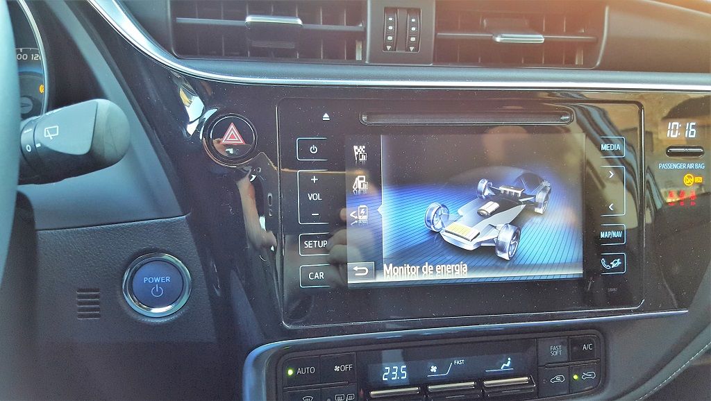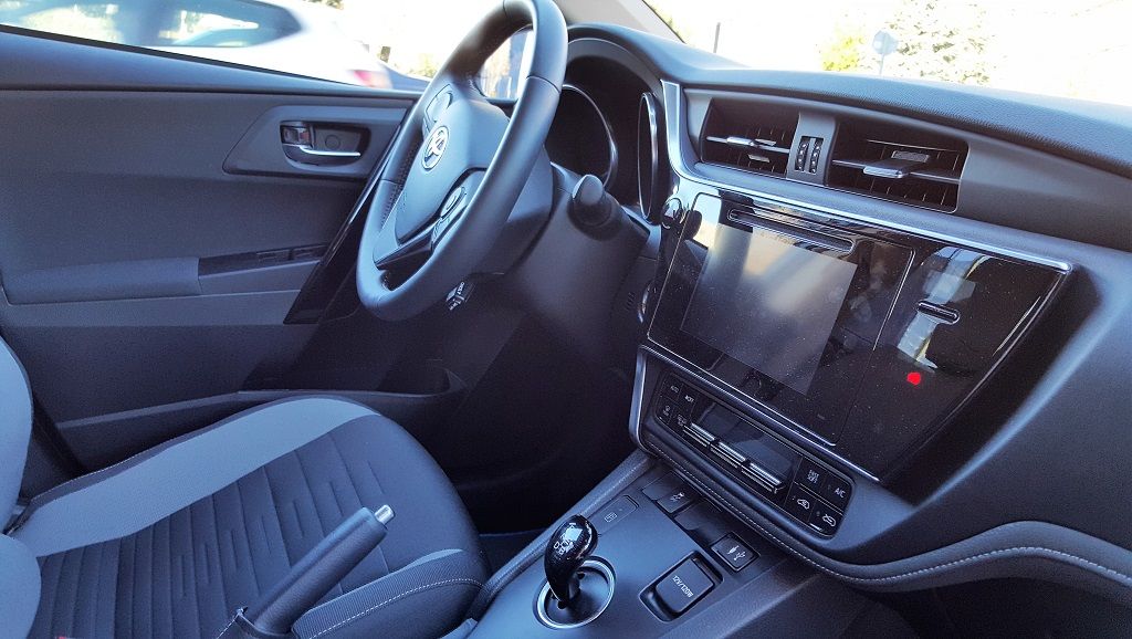 A diferencia por ejemplo del Lexus CT 200 que coloca la pantalla en la parte superior, en el caso del Auris el conductor tiene que desplazar la mirada más abajo, lo cual es menos práctico y puede distraer más de la carretera en determinadas circunstancias. La palanca de cambios (más bien un joystick) de la caja automática está colocada en una posición más tradicional y cómoda aunque en tamaño y su tacto sigue siendo el mismo: algo extraño para los acostumbrados a palancas de cambio tradicionales, tanto manuales como automáticas.
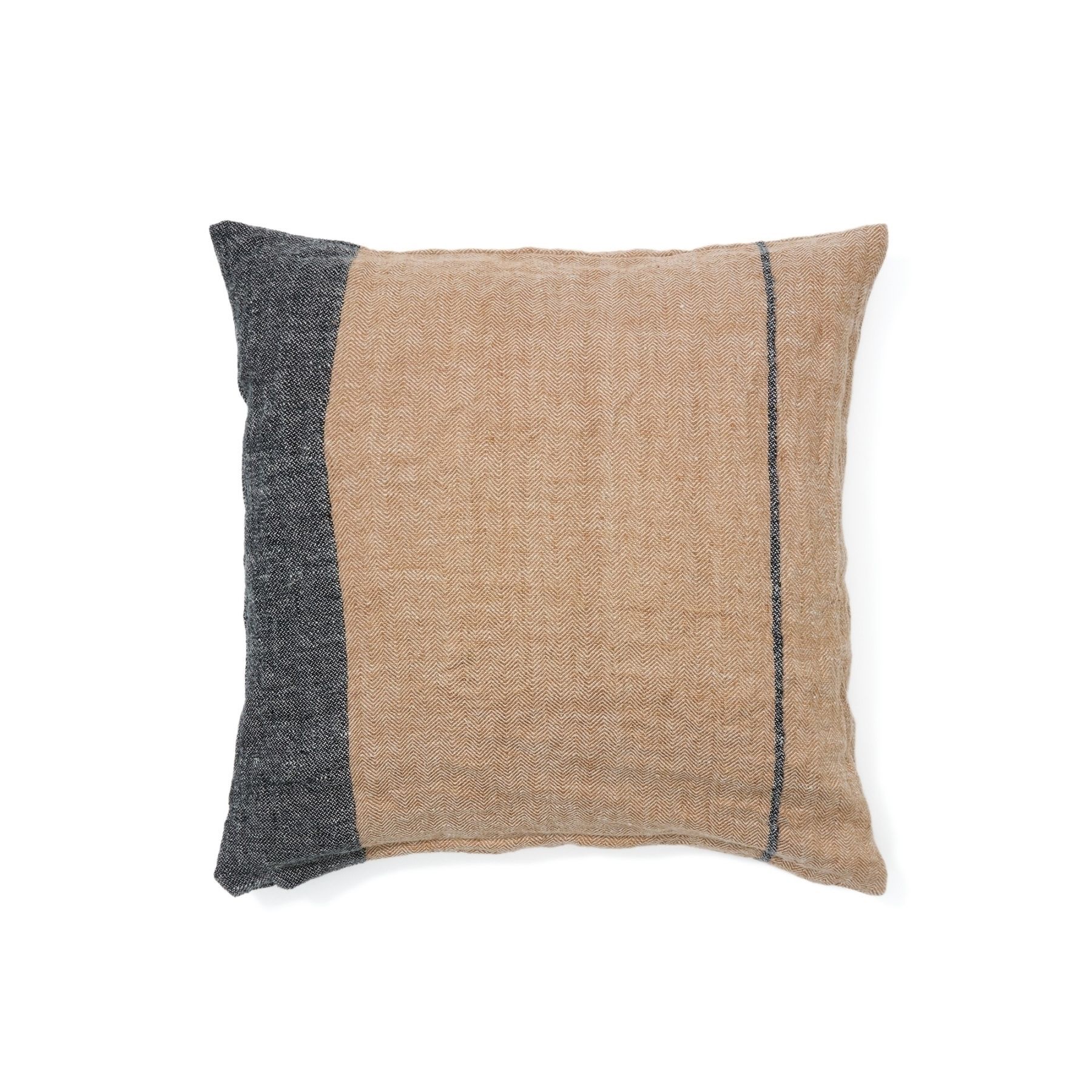 Чехол от подушки сшит из натурального льна, благодаря чему он экологичен, не вызывает аллергии, не имеет ворса. Цвет изделия серо-терракотовый.
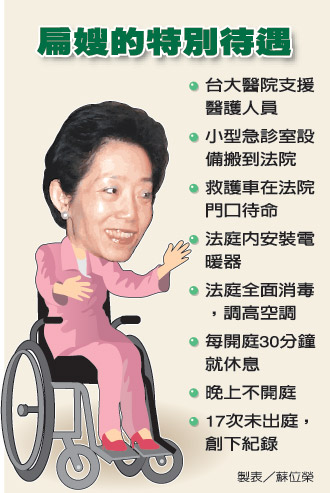 由于吳淑珍有低血壓癥狀,為照顧她的身體,法院請求臺大醫院支持,派出兩名醫師及兩名護士,隨時注意她的身體狀況;另外一部加護型的救護車,設備有心電圖、電擊器、折迭病床等,停在法庭外門口,因應突發狀況。
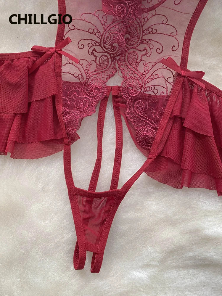 Women Sexy Transparent Mesh Strappy Bodysuits Erotic Backless Catsuits Hollow One Piece Floral Lace Combination Rompers

__________________________________________________

Task brief: Each line from the one containing "Чехол от подушки" to the final line of the data must be printed exactly, both included, with nothing else and no pictures.

Result of this task:
 Чехол от подушки сшит из натурального льна, благодаря чему он экологичен, не вызывает аллергии, не имеет ворса. Цвет изделия серо-терракотовый.
 由于吳淑珍有低血壓癥狀,為照顧她的身體,法院請求臺大醫院支持,派出兩名醫師及兩名護士,隨時注意她的身體狀況;另外一部加護型的救護車,設備有心電圖、電擊器、折迭病床等,停在法庭外門口,因應突發狀況。
 Women Sexy Transparent Mesh Strappy Bodysuits Erotic Backless Catsuits Hollow One Piece Floral Lace Combination Rompers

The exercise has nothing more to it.